Я начал выговаривать отцу:
– Чужих берешь, а своего не хочешь.
– Подожди, дай срок, возьму и тебя, – ответил мне отец. – Вот осенью, когда пойду печки класть, возьму и тебя. А пока тебе дома надо быть, матери помогать.
Осенью… Но мне хотелось пойти теперь вместе с Легким.
Правда, после выяснилось, что Легкого отец не в пару к себе взял – Вася еще мал был, но все же он его уже определил на работу.
Легкий и мой отец приходили домой каждое воскресенье, Бытошь от нас всего в семи верстах. И Легкий такое мне рассказывал, что просто дух захватывало.
– Понимаешь, товарищ, – говорил он мне, – это совсем не то, что было на Ивотском. Правда, работенка тут потрудней бывает, чем на заводе, – я гарцую цемент, подношу кирпичи, воду, – но зато какие харчи? На завтрак каждому – будь ты большой или маленький – дают по целой селедке. Мне они уже и надоедать начали. И чай с баранками. Чаю пей сколько хочешь! В обед щи с солониной и каша гречневая или пшенная с подсолнечным маслом. Солонина иной раз бывает и с душком, неважнецкая, но мы тогда кладем в щи побольше перчику, оно и ничего, сходит и такая. А в ужин опять щи и каша, чай, но солонины не бывает, ее мы всю съедаем в обед. Самое же главное – очень весело у нас в казарме после работы. Если бы ты посмотрел, какие там чудаки есть, послушал бы, какие смешные истории они рассказывают! Сдохнуть можно со смеху… Нет, ты обязательно просись у своего тятьки, чтобы он и тебя взял в каменщики. Если не насовсем, то хоть на недельку. Он это может сделать, ему стоит только сказать десятнику, и все! Твоего отца и десятник и даже сам подрядчик уважают. Как-никак, а он первый из первых там, его куда хошь поставь – он сделает. Просись, говорю! И мне с тобой веселей будет, а то я по тебе иной раз так скучаю. Вот, думаю, Федю бы сюда!
– Легкий, – говорю я, – мне проситься у отца бесполезно. Раз он сказал, что до осени не возьмет, то уж точка. Я его хорошо знаю.
– Ах, черт побери! А мне так хочется, чтоб ты поработал со мною в каменщиках… Ну ладно, попробую-ка я сам поговорить с ним. Не все же ты должен дома возле матери сидеть.
– Я не сижу, работы и тут хватает.
– Знаю, во работа работе рознь. Нет, я все же потолкую с ним о тебе.
– Попробуй, только вряд ли что из этого получится.

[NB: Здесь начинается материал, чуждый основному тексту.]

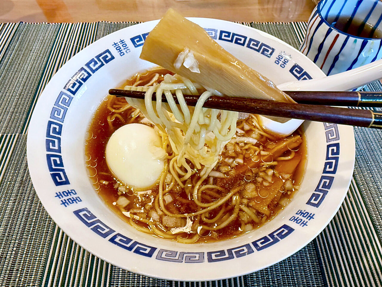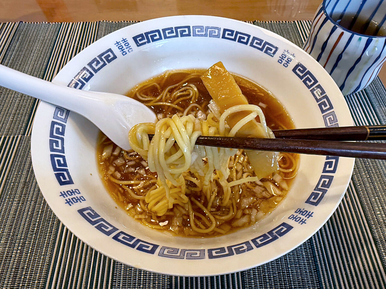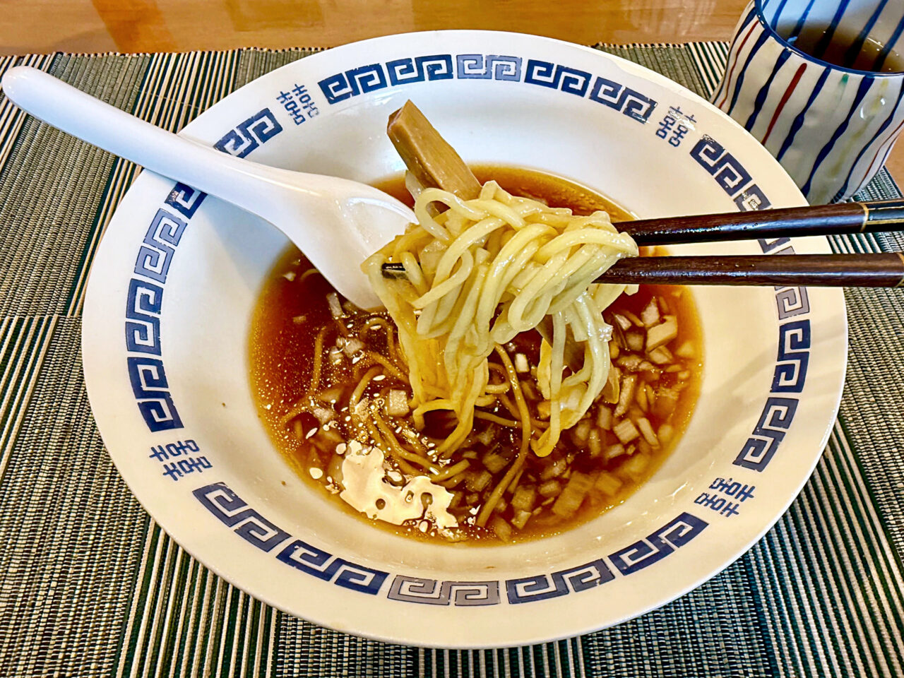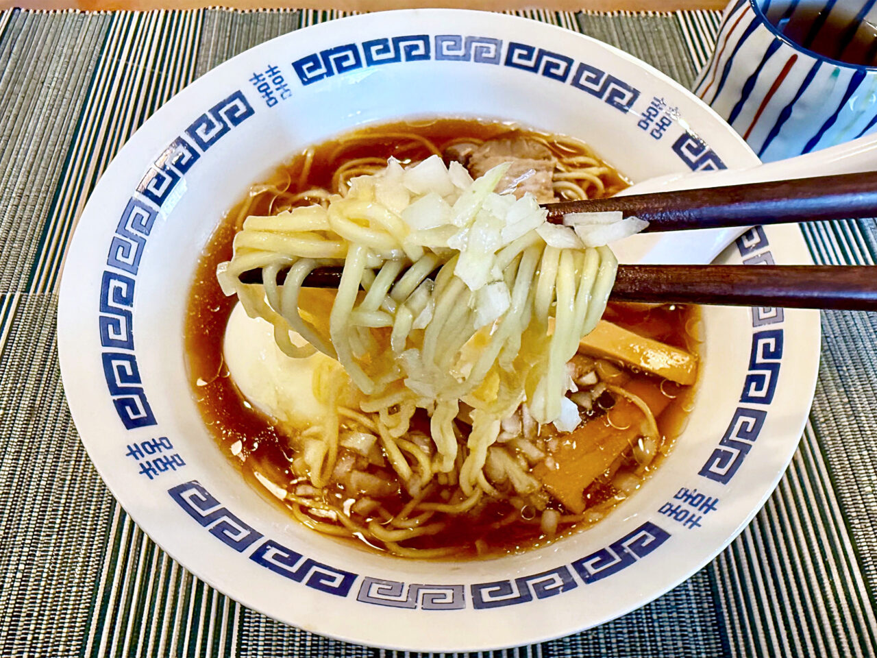 醤油味スープなので、刻み玉ねぎの甘みと辛味が良く合います。
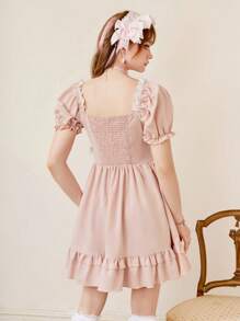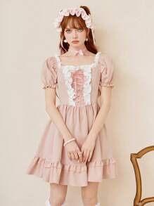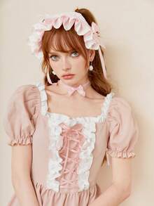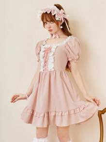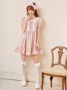 Colorblock Lace Up Front Puff Sleeve Ruffle Hem Dress
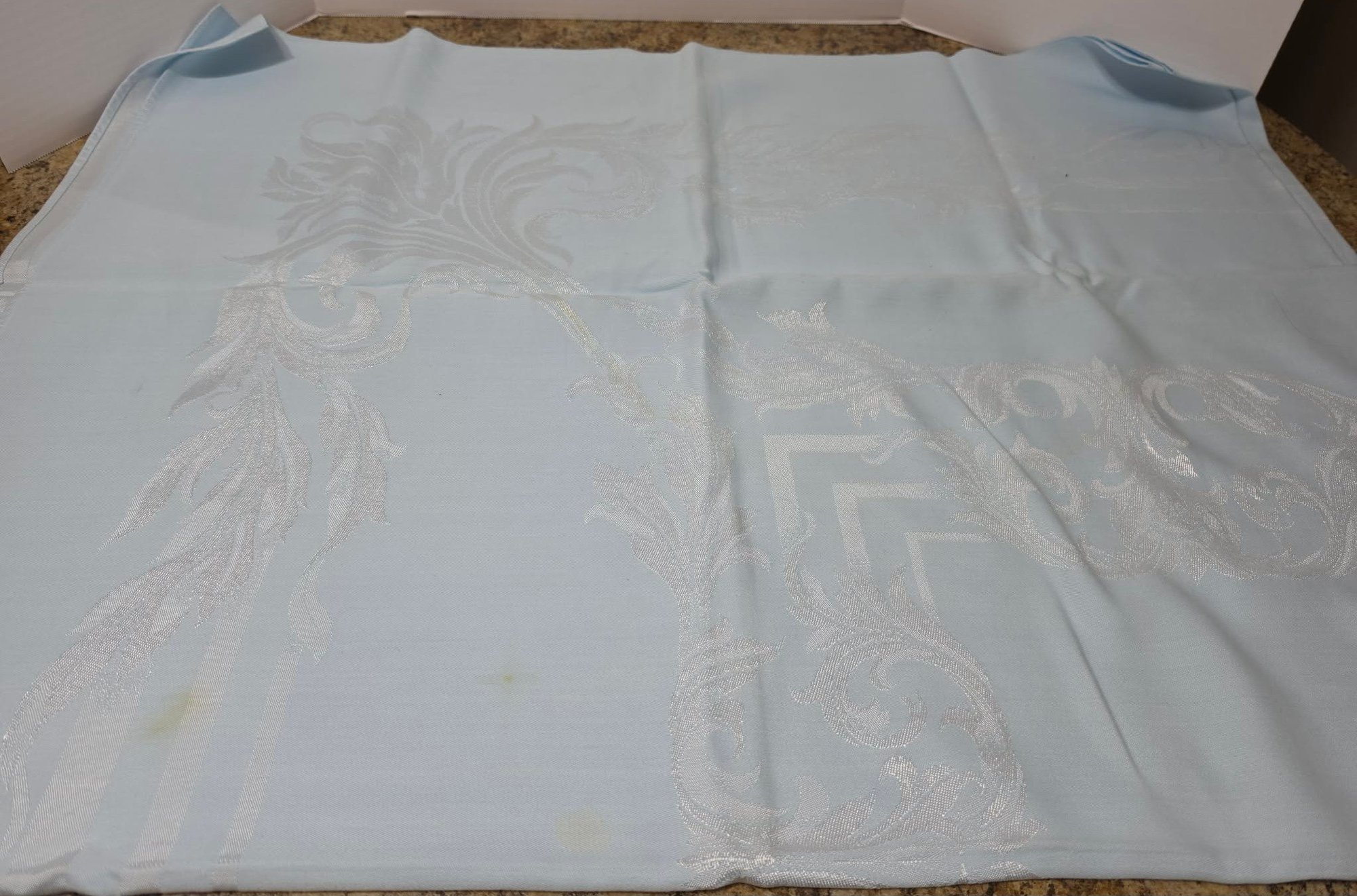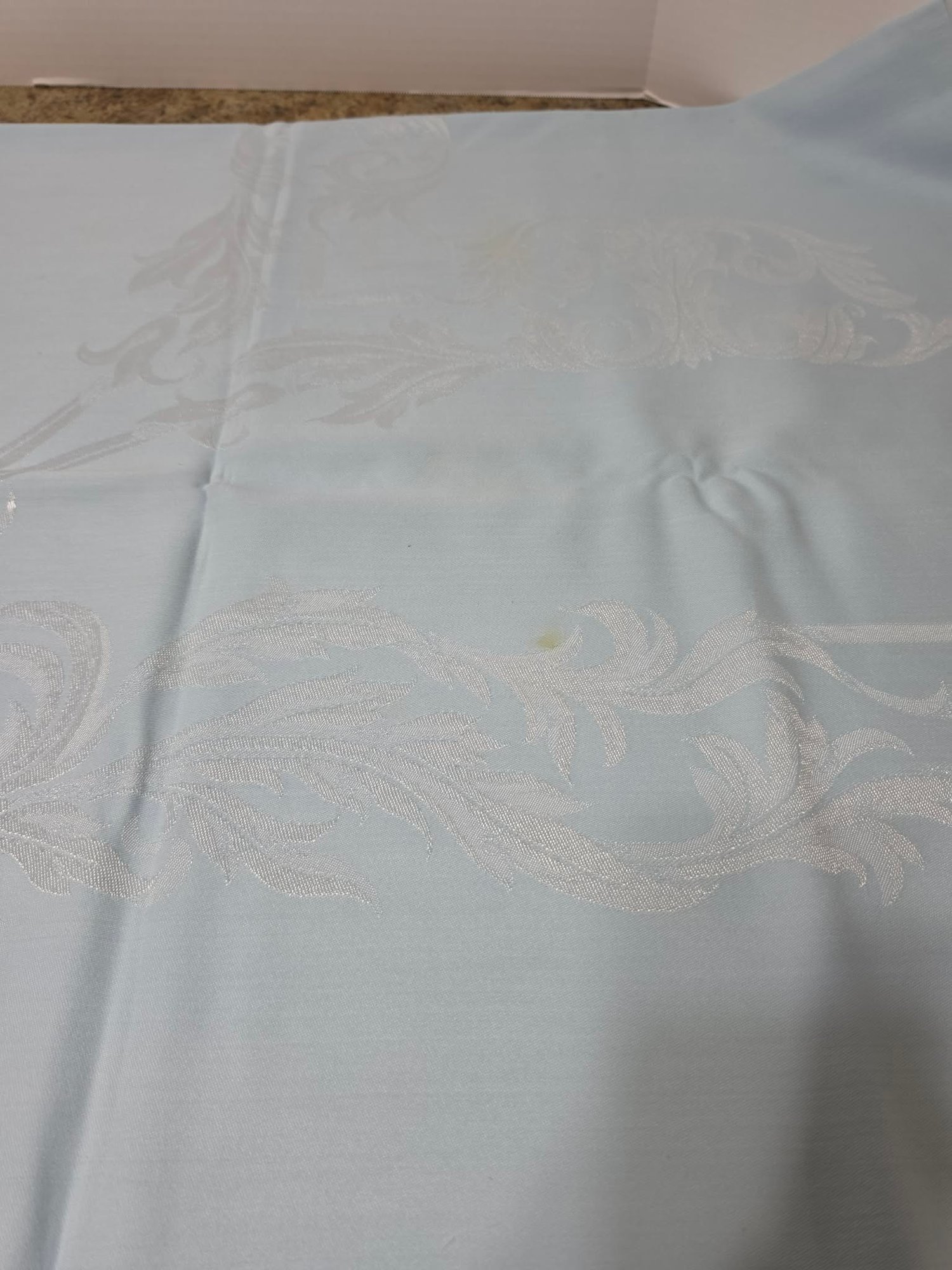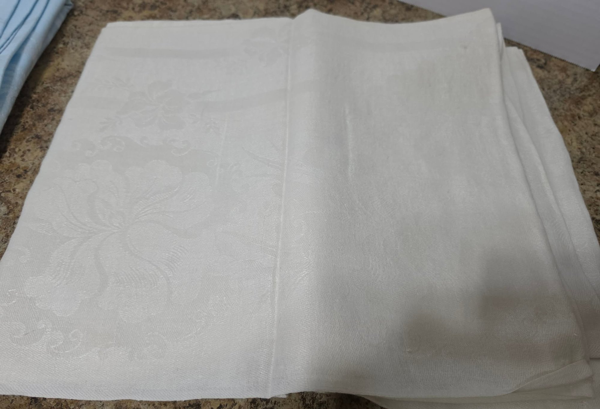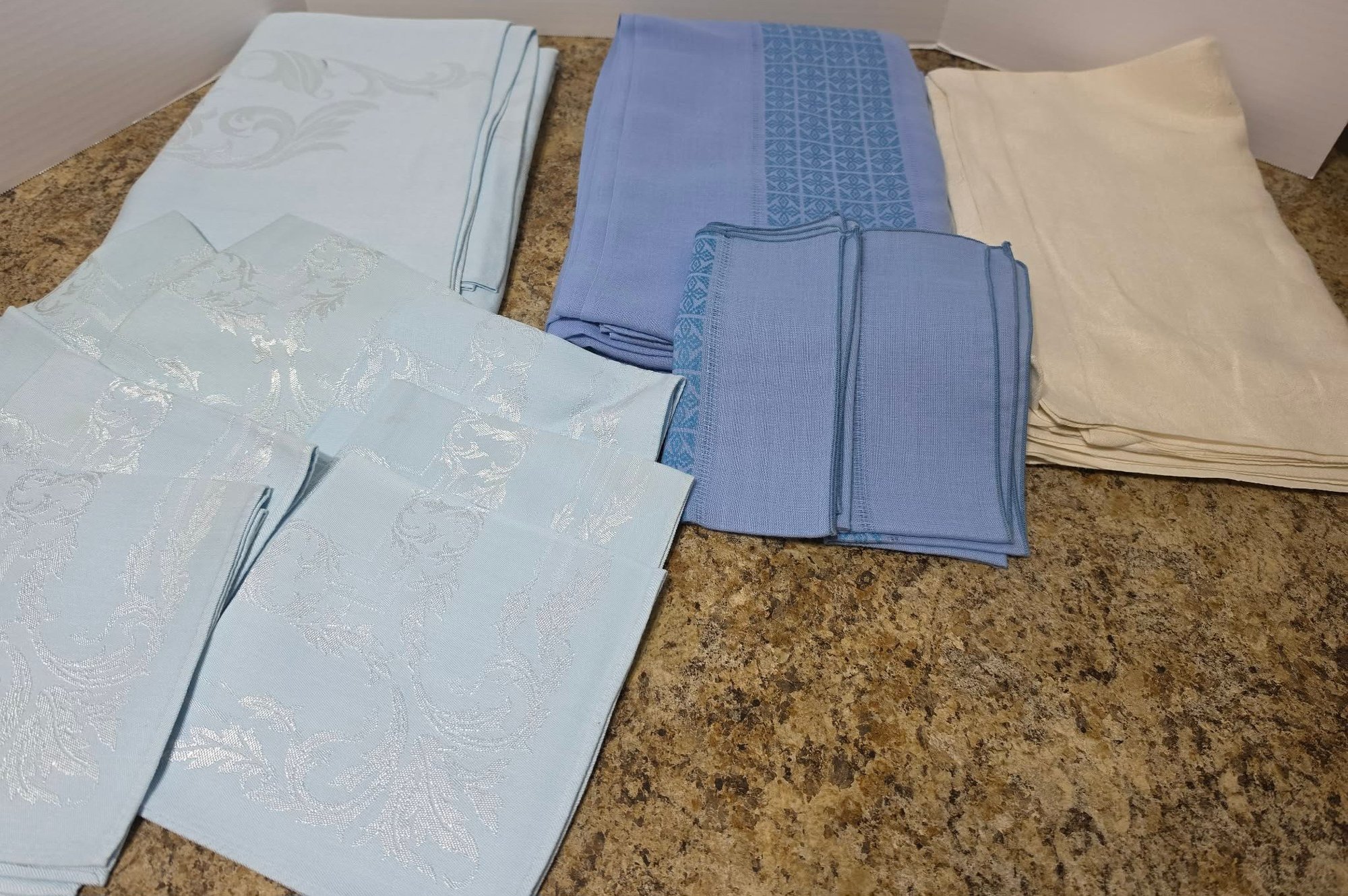Large Cloth Table Clothes & Napkins. Staining. Not sure if it can come out. Measures 74 x62 white, 60 x 120 darker blue and 74 x 60 light blue.

– Посмотрим. Попытка – не пытка.
…Я не знаю, что Легкий говорил моему отцу, как он ему доказывал, что меня тоже надо взять в Бытошь, а только однажды отец, придя домой, сказал матери:
– А знаешь, что я думаю, баба… Не взять ли мне и Федю в Бытошь? Ты как тут? Справишься одна?
Мать знала, как мне хотелось пойти в каменщики, и, хотя я ей дома нужен был, решила отпустить.
– Ну что ж, бери, – говорит она отцу. – Я тут теперь как-нибудь одна управлюсь, главные-то работы – сенокос и жатва – закончились. Да и Ольга подросла, боронить озимые она сумеет, пахать же все равно сама буду.
Я чуть не заплясал от радости. Я никак не мог дождаться понедельника, чтобы утром вместе с отцом, Легким и другими нашими мужиками зашагать впервые в жизни не куда-нибудь, а в каменщики! Ведь каменщики – не дроворубы, они в своем деле такие же мастера, как распущики и выдувальщики халяв на стекольном заводе, и зарабатывают они в месяц почти столько же.
А работа каменщика интересней, чем работа распущика или мастера-выдувальщика. Те всегда на одном месте работают, а каменщик в разных городах, деревнях и поселках, он за всю свою жизнь немало свету и людей повидает. Правда, я не сразу стану настоящим каменщиком, буду только подсобным рабочим, но ведь и все начинают с этого. А самое главное – я опять буду вместе с Легким…
И вот я шагаю по дороге в Бытошь, рядом с Васей Легким.
Впереди идут взрослые – мой отец и другие каменщики.
По сторонам дороги стеной стоит лес, такой, какого нигде нет в округе. Этот лес принадлежал раньше миллионеру Мельникову, а теперь – акционерному обществу Мальцевских заводов. Мельников продал лес и два завода акционерам за двенадцать миллионов рублей, а деньги положил в Английский банк. Говорят, что такой лес тянется и за Бытошью, во все стороны на пятнадцать верст.
С моим отцом шагает Егор Вышибала, самый высокий и самый здоровый из всех наших мужиков. Мой отец всегда берет с собой в пару Вышибалу. Вышибала здоров не только есть, но и работать. Он каменщик второй руки, но так расторопен и быстр в работе, так внимателен, что отец любит работать только с ним.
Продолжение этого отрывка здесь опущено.